BRIEF
Reproduce the material below only from the line with "三条半卡点经常有三轮车通过,路面形成三股" to the line with "To analyze the", both included, keeping each line exact and dropping the pictures.

::: MATERIAL TO PROCESS

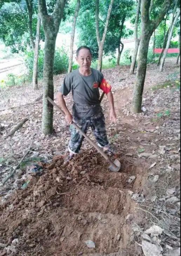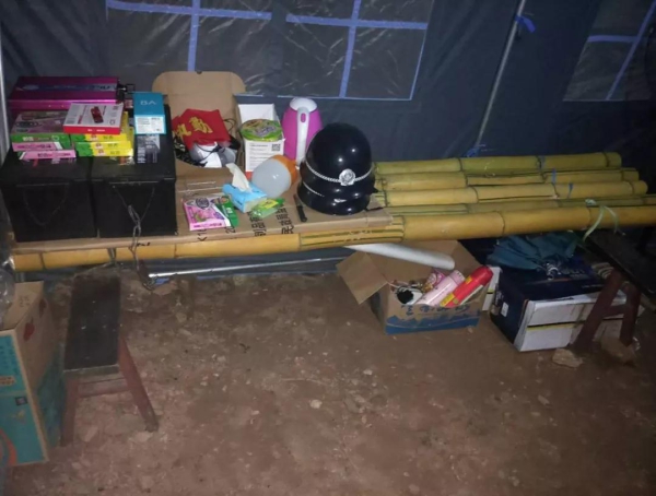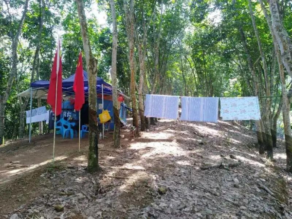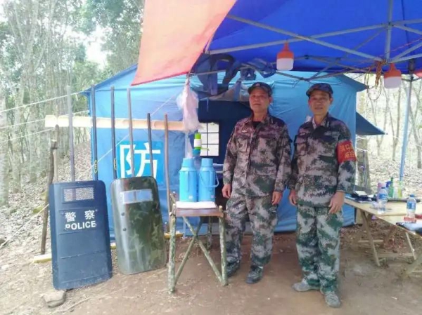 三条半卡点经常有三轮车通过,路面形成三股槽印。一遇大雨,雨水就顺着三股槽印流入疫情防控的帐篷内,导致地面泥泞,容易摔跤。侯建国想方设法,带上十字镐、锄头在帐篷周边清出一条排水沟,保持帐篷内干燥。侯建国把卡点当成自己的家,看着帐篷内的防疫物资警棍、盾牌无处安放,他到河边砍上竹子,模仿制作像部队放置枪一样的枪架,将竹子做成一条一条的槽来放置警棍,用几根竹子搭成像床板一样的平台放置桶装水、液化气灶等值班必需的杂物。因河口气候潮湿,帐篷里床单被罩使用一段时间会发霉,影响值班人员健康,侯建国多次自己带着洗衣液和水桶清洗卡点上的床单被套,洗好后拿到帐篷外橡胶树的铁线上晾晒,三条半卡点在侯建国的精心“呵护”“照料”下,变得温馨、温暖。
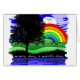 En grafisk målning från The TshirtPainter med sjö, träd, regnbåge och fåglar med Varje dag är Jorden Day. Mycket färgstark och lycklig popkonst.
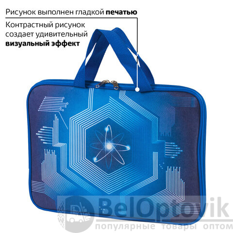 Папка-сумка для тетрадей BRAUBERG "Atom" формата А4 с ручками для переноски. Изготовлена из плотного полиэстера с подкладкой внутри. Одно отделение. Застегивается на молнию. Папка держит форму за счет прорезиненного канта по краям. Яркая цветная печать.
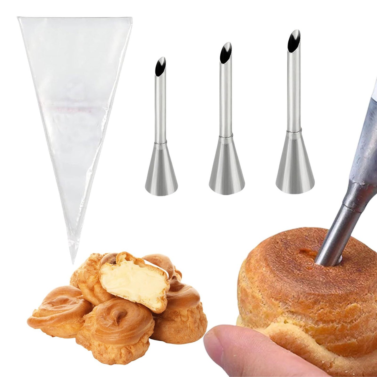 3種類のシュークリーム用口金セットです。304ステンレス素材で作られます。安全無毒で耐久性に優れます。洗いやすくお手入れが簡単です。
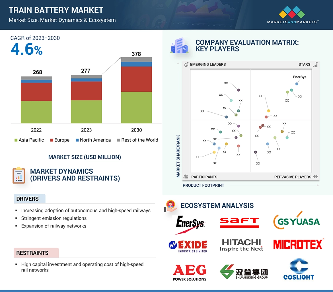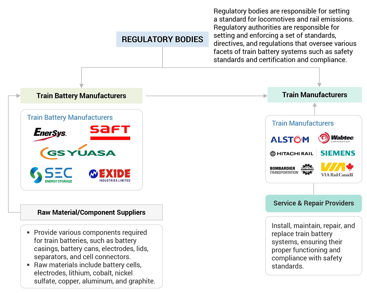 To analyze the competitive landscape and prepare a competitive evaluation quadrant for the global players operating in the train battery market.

::::::
::: MATERIAL TO PROCESS

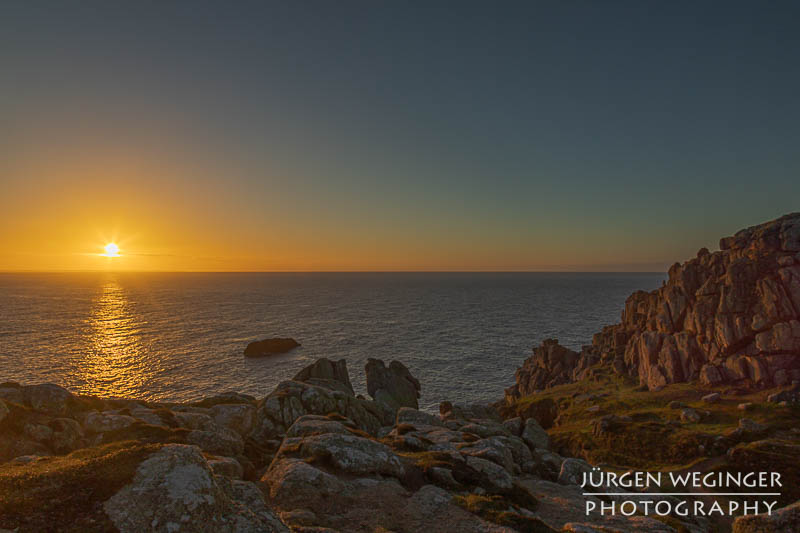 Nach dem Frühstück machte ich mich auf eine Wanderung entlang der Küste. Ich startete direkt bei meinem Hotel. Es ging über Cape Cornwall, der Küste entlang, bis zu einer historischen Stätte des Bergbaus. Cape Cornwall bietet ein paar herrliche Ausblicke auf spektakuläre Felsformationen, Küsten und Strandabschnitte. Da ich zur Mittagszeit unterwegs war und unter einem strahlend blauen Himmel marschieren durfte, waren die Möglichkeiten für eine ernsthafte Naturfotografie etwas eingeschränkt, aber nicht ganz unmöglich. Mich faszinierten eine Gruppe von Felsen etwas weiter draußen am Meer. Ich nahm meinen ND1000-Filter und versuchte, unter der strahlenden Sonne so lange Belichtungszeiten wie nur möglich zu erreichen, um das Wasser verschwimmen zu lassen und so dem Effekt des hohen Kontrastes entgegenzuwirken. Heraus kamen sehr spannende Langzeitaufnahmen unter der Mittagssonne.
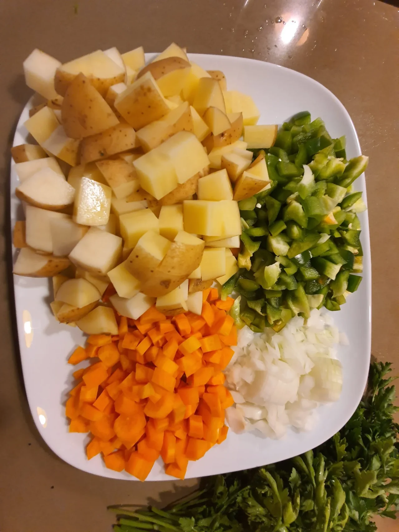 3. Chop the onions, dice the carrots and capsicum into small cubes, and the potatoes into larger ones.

::::::

EXPECTED OUTPUT
 三条半卡点经常有三轮车通过,路面形成三股槽印。一遇大雨,雨水就顺着三股槽印流入疫情防控的帐篷内,导致地面泥泞,容易摔跤。侯建国想方设法,带上十字镐、锄头在帐篷周边清出一条排水沟,保持帐篷内干燥。侯建国把卡点当成自己的家,看着帐篷内的防疫物资警棍、盾牌无处安放,他到河边砍上竹子,模仿制作像部队放置枪一样的枪架,将竹子做成一条一条的槽来放置警棍,用几根竹子搭成像床板一样的平台放置桶装水、液化气灶等值班必需的杂物。因河口气候潮湿,帐篷里床单被罩使用一段时间会发霉,影响值班人员健康,侯建国多次自己带着洗衣液和水桶清洗卡点上的床单被套,洗好后拿到帐篷外橡胶树的铁线上晾晒,三条半卡点在侯建国的精心“呵护”“照料”下,变得温馨、温暖。
 En grafisk målning från The TshirtPainter med sjö, träd, regnbåge och fåglar med Varje dag är Jorden Day. Mycket färgstark och lycklig popkonst.
 Папка-сумка для тетрадей BRAUBERG "Atom" формата А4 с ручками для переноски. Изготовлена из плотного полиэстера с подкладкой внутри. Одно отделение. Застегивается на молнию. Папка держит форму за счет прорезиненного канта по краям. Яркая цветная печать.
 3種類のシュークリーム用口金セットです。304ステンレス素材で作られます。安全無毒で耐久性に優れます。洗いやすくお手入れが簡単です。
 To analyze the competitive landscape and prepare a competitive evaluation quadrant for the global players operating in the train battery market.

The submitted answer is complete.